Speak Eagle

Broken Thanks

My table is perfect. The tablecloth with the turkeys on the edges. Candles.  Our finest dishes.  And then-  I carefully place my favorite little plaster “Give Thanks” pumpkin with the painted green ivy leaves in the center of the table.

Five minutes till our guests arrive- and counting.

My dad stands at the counter slicing the turkey.  He’s spent the day cooking it to perfection.  I whisk the gravy on the stove- made by my dad just the way my mom would have made it.

I peek in the oven at the rolls- browned and lovely, the sweet potato casserole- its marshmallows swelling with pride, the green beans- steamed bright.  My mom would have been proud.  I grin.  What beauty.  What bliss.  And then…

Craaash!

A 9-year old redhead rounds the corner, half-a-dozen pieces of my favorite plaster pumpkin in hand.   “I’m sorry, Mommy.  I was just looking at it.”

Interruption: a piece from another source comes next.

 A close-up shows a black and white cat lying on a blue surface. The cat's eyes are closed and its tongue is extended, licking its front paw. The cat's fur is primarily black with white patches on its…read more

“And now you can just glue it!” I grouch at him and toss the super glue on the counter.  Within seconds he has super glued his own fingers to the pieces.

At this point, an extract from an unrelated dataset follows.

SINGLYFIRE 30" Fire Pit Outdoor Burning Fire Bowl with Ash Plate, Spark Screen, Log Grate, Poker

Three minutes and counting till our guests arrive.

I slowly attempt to pry his fingers from the pieces.  He winces. “Don’t worry, the glue’ll come off in a few weeks,” I grouch some more.

He runs his hands under warm water.  My hands, frustrated and shaking, try to glue the pieces hurriedly. One piece is still missing.  I stomp out to my beautiful table and set the broken “Give Thanks” pumpkin down anyway.

A knock on the door and they’re here.  Smiling faces, coats in the closet, samosas and pumpkin pie to share.

Before we sit down, my redhead looks disappointedly at the seating arrangement.  “But I wanted to sit by you, Mom.”

I’m a bit annoyed.  After all, he’s the one who broke my favorite pumpkin.  But I shift breakable dishes and make him a spot next to me.

We sing a prayer of thanks, share Lincoln’s proclamation and Psalm 100, stuff ourselves silly.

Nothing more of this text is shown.